Tabitha doesn’t move back.

In fact, she moves in.

She slides around the corner of my mahogany desk with a predator’s grace, her hip brushing the edge where the wood meets the glass.

She doesn’t care about the dropped files.

She doesn’t care about the revised specs or the Emperor waiting in the corner suite.

She only cares about the wreckage in front of her.

She leans against the desk, her body mere inches from mine. One hand rests on the surface, fingers splayed near my own twitching hand, while the other hovers a hair’s breadth from my face.

“I know things are hard at home, Ross,” she says.
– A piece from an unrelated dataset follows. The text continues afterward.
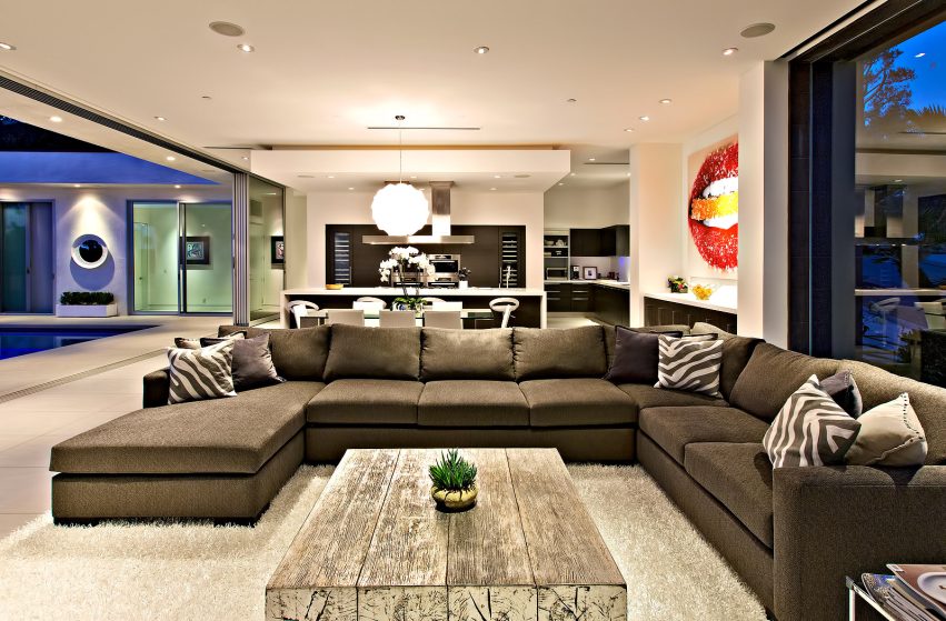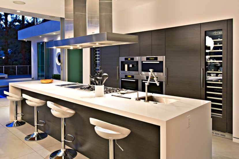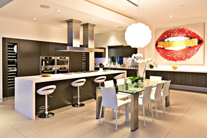 A fusion of luxurious elements and a generous open floor plan, this exceptional luxury home delivers clean lines and open spaces with walls of glass and Fleetwood doors that boast natural light filled public, formal and private areas. The stunning modern kitchen includes quartz countertops and professional Miele appliances with a wine refrigerator, built-in coffee maker, two dishwashers, and a built-in deep fryer and is complete with a long center island with breakfast bar.

Her voice drops to a register meant to be intimate, but it sounds like the scrape of an axe against stone.

“I know she doesn’t get it. I’ve watched you for years.

I’ve watched you give everything to these projects, and then I’ve watched you walk out that door like you’re going to a funeral.

It’s not fair to you. A man like you needs a partner, not a weight. ”

My jaw is so tight it feels like the bone might shatter.

I’m about to demand an apology when I realize this is all my fault. While I never did anything to lead Tabitha on, I’ve also been the one allowing my work to encroach upon my life.

“You think it’s a mistake, Ross, but it’s not. Your subconscious is trying to tell you what your ego is too afraid to admit. You don’t have to fight it.”

“Tabitha,” I croak. “You have this wrong.”

“Do I?” She smiles, a small, knowing curve of the lips that doesn’t reach her eyes. “Then why aren’t you pushing me away? Why are you sitting there looking at me like you’ve finally found a way out of the dark?”

The hell I am. She’s confused adoration with horror.

She reaches out.

I flinch back.

She redirects her hand, placing her palm flat against the center of my chest, right over my heart.

The heat of her hand burns through the thin, wrinkled fabric of my shirt.

Her fingers splay across my pectoral, firm and possessive.

I can feel the thud-thud-thud of my heart beneath her palm, a frantic, irregular beat she undoubtedly misinterprets as desire.

It isn’t. It’s the rhythm of a man trapped in a burning building.

“Feel that,” she whispers. “That’s life, Ross. Us. That’s what happens when you stop trying to be the perfect husband to a woman who doesn’t understand the pressure you’re under.”